A direct injury in the context of workers’ compensation is pretty simple and straightforward. If a heavy box falls on a delivery driver and hits him in the mouth, immediately breaking his tooth – this is a “direct injury” and usually cannot be disputed.

8.          What are Compensable Consequences?

A Compensable Consequence is a new health problem that results from the original injury. The injured worker is entitled to the same medical coverage and disability benefits as for a first injury. For example:

  • Carpal tunnel in the right hand that leads to the inability to brush or floss properly will result in periodontal disease or tooth loss.
  • Chronic back pain leads to a need for medications. These medications cause dry mouth and dry mouth leads to cavities and tooth loss. The treatment of the affected teeth is a compensable consequence.
  • Taking a medication for depression with a known side effect of bruxism (clenching and grinding teeth). You have pre-existing periodontal disease. The clenching and grinding causes secondary occlusal trauma which loosens your teeth and can even cause tooth loss. These are compensable consequences and treatment of the missing teeth or loose teeth needs to be completed on an industrial basis.
  • You need knee or hip replacement because of your industrial injury and you have pre-existing dental disease that can potentially infect your new hip or knee. Consultation and treatment of your dental disease must be completed on an industrial basis prior to your knee or hip replacement surgery.

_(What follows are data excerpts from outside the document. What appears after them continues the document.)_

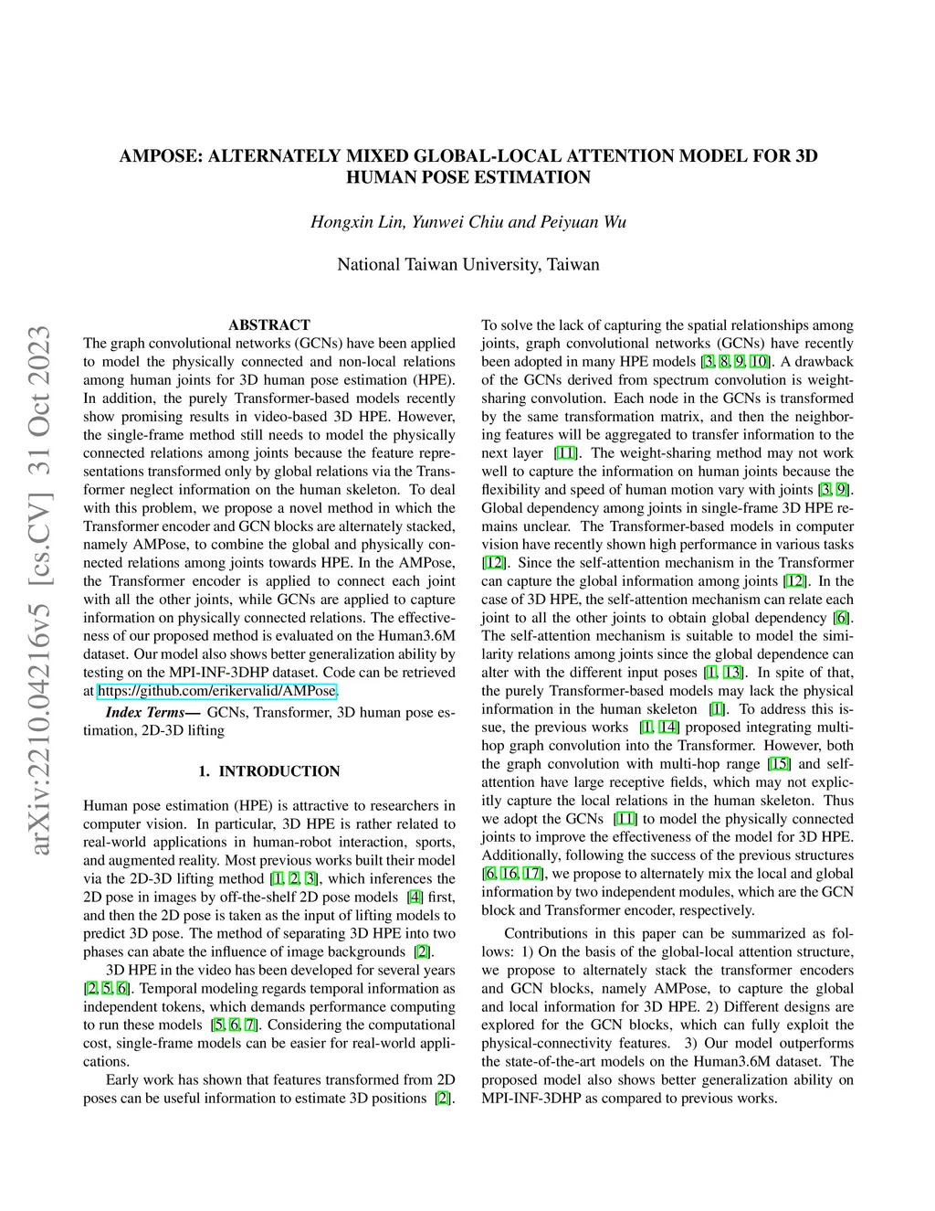 AMPose: Alternately Mixed Global-Local Attention Model for 3D Human Pose
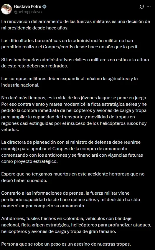 Minutos después, se pronunció el presidente Gustavo Petro: “La renovación del armamento de las fuerzas militares es una decisión de mi presidencia desde hace años”.
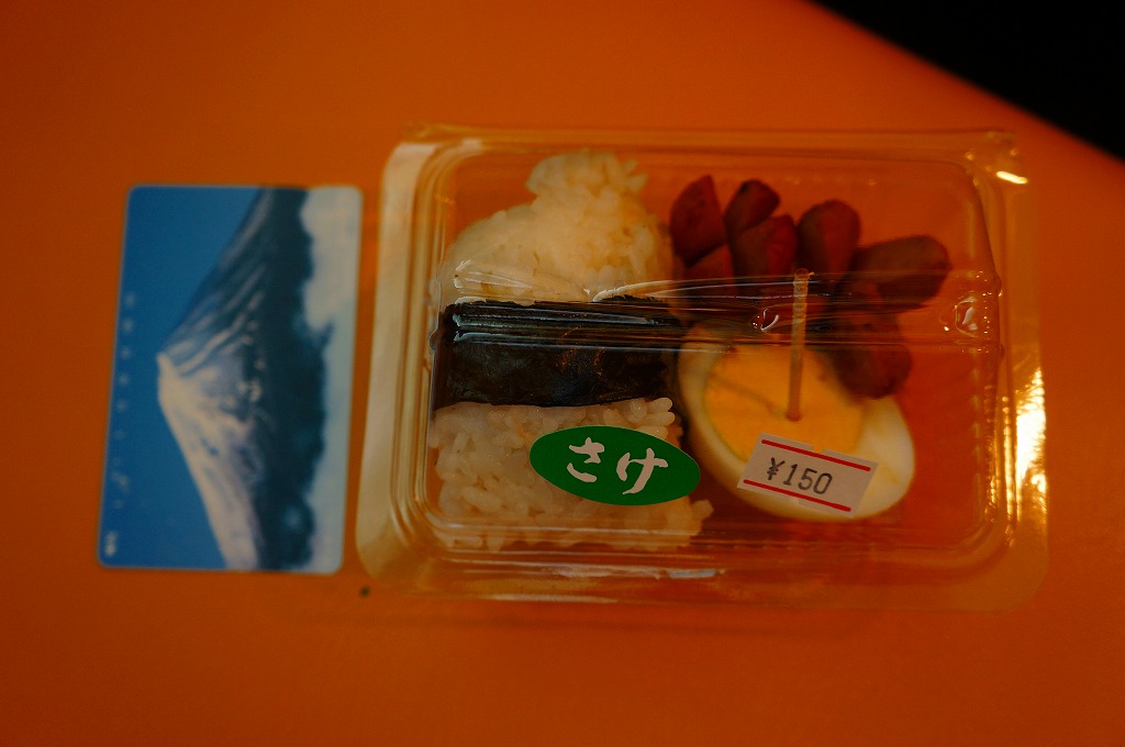 これは駅弁ではなく、伊江島と沖縄本島の本部を結ぶ村営フェリーの売店で販売されていた惣菜のひとつで、とても細い海苔を締めた鮭の三角おむすびに、ゆで卵を半分と、タコ状ウインナー揚げ2個を添えたもの。
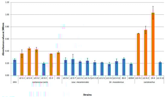 The most representative results of the analysis of the proteolytic activity of selected lactic acid bacteria are reported in Figure 5. Most strains did not develop significant proteolytic activities. In particular, no Leuc. mesenteroides and S. macedonicus strains produced absorbance values different from those of the control. Lb. delbrueckii subsp. bulgaricus showed the most proteolytic activity, while all the strains of Lc. lactis, with the exclusion of L03-5, showed significant proteolytic activity (Figure 5).
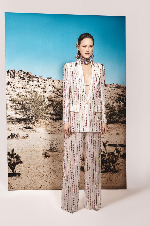Bên cạnh đó là sự góp mặt của một vài sáng tạo thể hiện rõ khả năng xử lý chất liệu cũng như trang trí bề mặt của Công Trí: từ đầm dài gợi nhắc mẫu tank-dress năng động vốn được yêu chuộng từ nhiều năm đổ lại đây cho tới bộ suit phom dáng thoải mái, thích nghi hoàn hảo với nhịp sống hiện đại nhưng vẫn đề cao tính sang trọng.

9.          How are compensable injuries determined?

Teeth perform three critical functions: they enable you to speak and eat and they support your facial structure. When someone is injured on the job and any of these capabilities are compromised, the employer or workers’ compensation payer is responsible to restore that functionality to pre-injury status. Many injured workers with chronic pain and/or severe infections result in losing teeth, which would be covered by workers’ compensation as long as prior to the injury, they had a healthy mouthful of teeth.

10.          What if my original injury was treated, my claim approved and paid, and then a compensable consequence occurs? Do I have to file a new claim?

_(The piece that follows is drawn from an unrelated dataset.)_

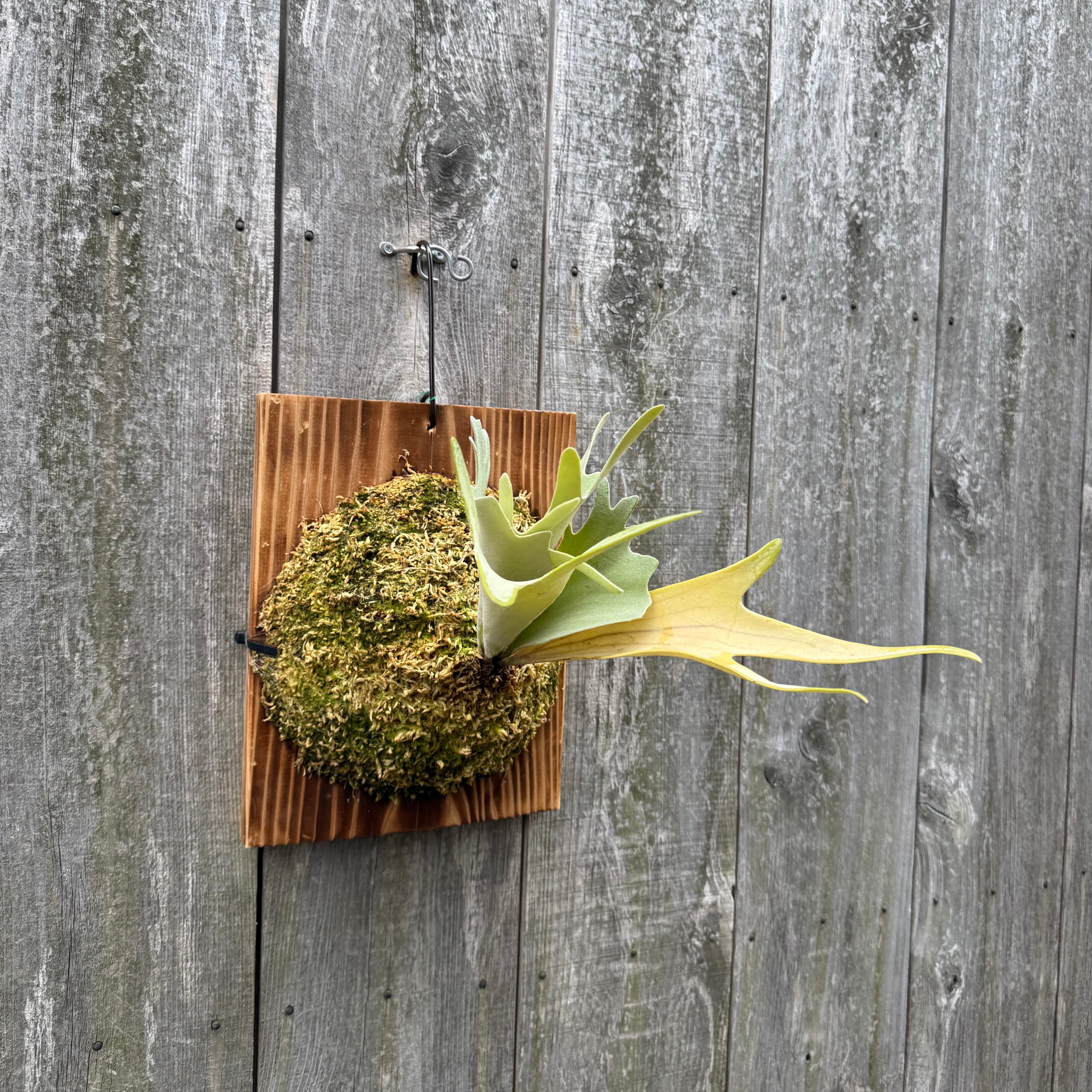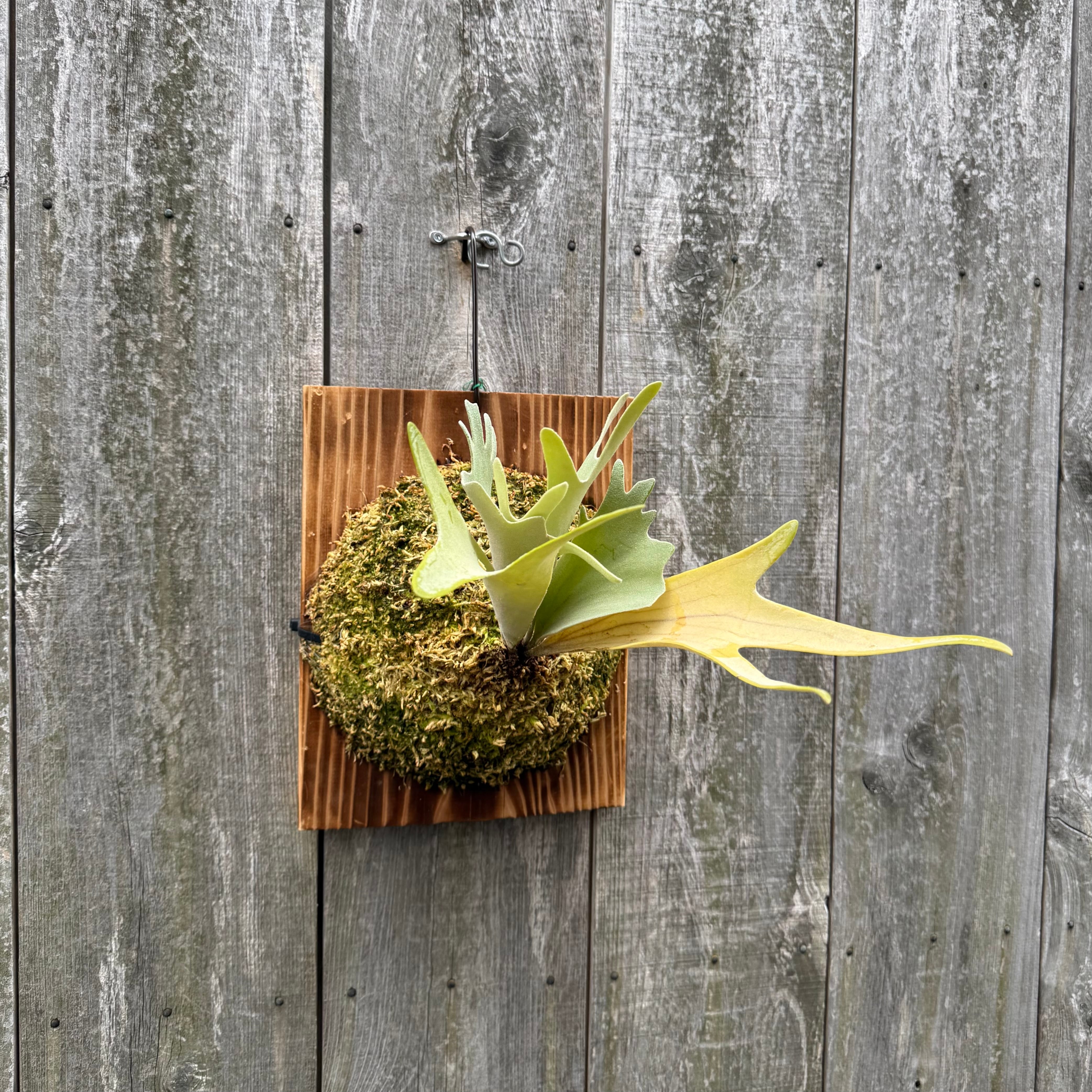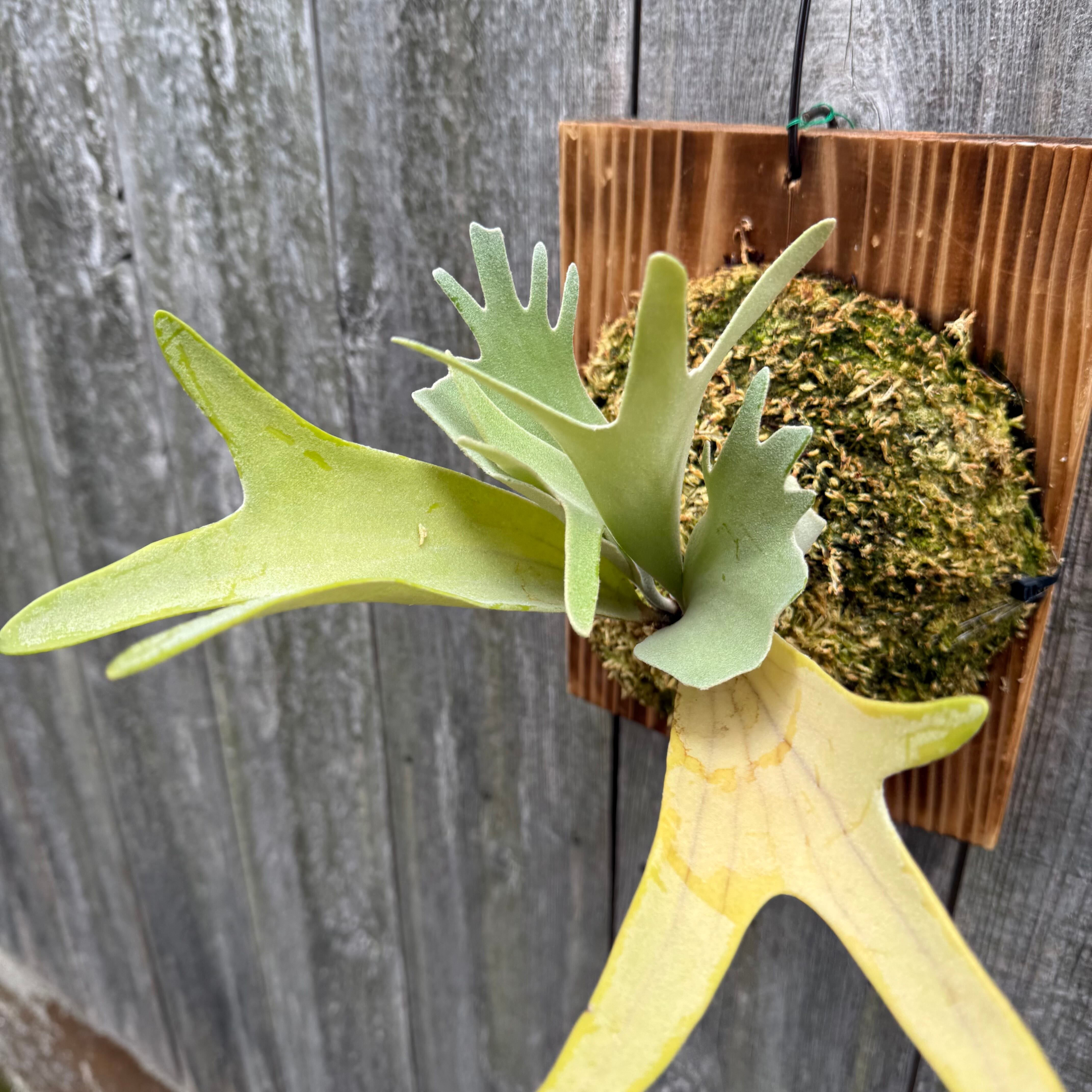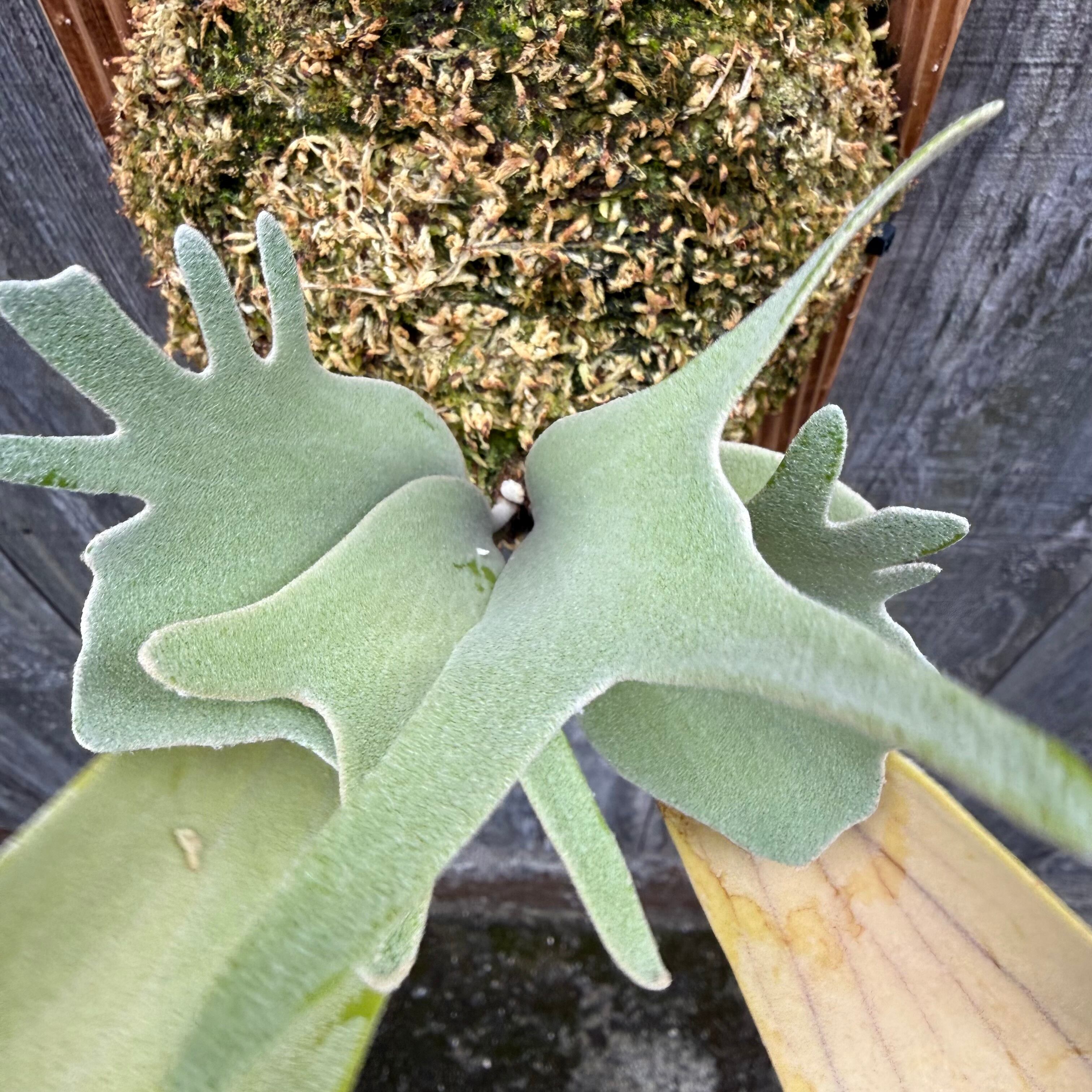 ハクナマタタの子株になります。タイで有名なビカクシダの育成家の方から仕入れました。ナーセリー内では、クーリングシステム、湿度管理、LEDライトを完備しており、親株はとても白い胞子葉が特徴的な一株でした。

If a compensable consequence occurs later on, you would need to reopen your original claim. Under the “compensable consequences” doctrine, “where a subsequent injury is the direct and natural consequence of an original industrial injury, the subsequent injury is considered to relate back to the original injury and it generally is not treated as a new and independent injury.” For example, a patient that develops TMJ from chronic mouth pain is a compensable consequence that makes its appearance long after the original injury was treated.

11.          How long after my original injury can I reopen a claim?

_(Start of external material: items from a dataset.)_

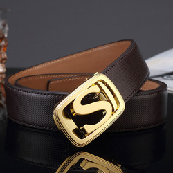 男性用3.5cm幅Sレターバックル自動ベルト、男性用カスタムベルト
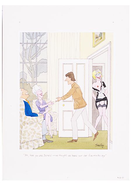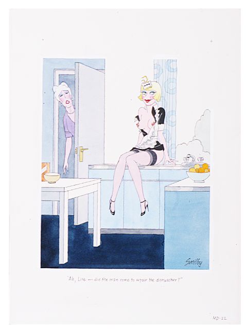 cartoon artwork, pen and ink with watercolour, on Daler board, signed lower left, captioned, artists note MD22 lower margin, with dust cover sheet, Smilby yellow dot verso, (3).
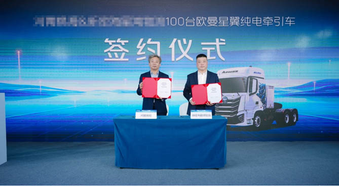 逐鹿中原,绿色启航。通过此次战略合作,欧曼星翼纯电牵引车不仅赋予了重卡用户大电量、超舒适、强动力、全高效体验,实现运营成本与运输效率的双重突破,更以此为起点,加快欧曼新能源践行中国商用车产业“零碳未来”的步伐,赋予物流业高质量发展的广阔新天地。

An injured worker has five years from the date of the injury to reopen the case.

12.          What are some examples of mouth and jaw-related issues?

Difficulty chewing and swallowing, clicking jaw, facial muscle pain, TMJ pain, headaches, xerostomia (dry mouth), missing teeth, clenching and grinding, broken teeth, dental decay, and aggravated periodontal disease are some of the common complications.

Difficulty chewing and swallowing, clicking jaw, facial muscle pain, TMJ pain, headaches, xerostomia (dry mouth), missing teeth, clenching and grinding, broken teeth, dental decay, and aggravated periodontal disease are some of the common complications.

13.          Do I need to hire an attorney?

Yes, as workers’ compensation is complicated and challenging to secure, we highly recommend you hire a qualified attorney to ensure optimum coverage.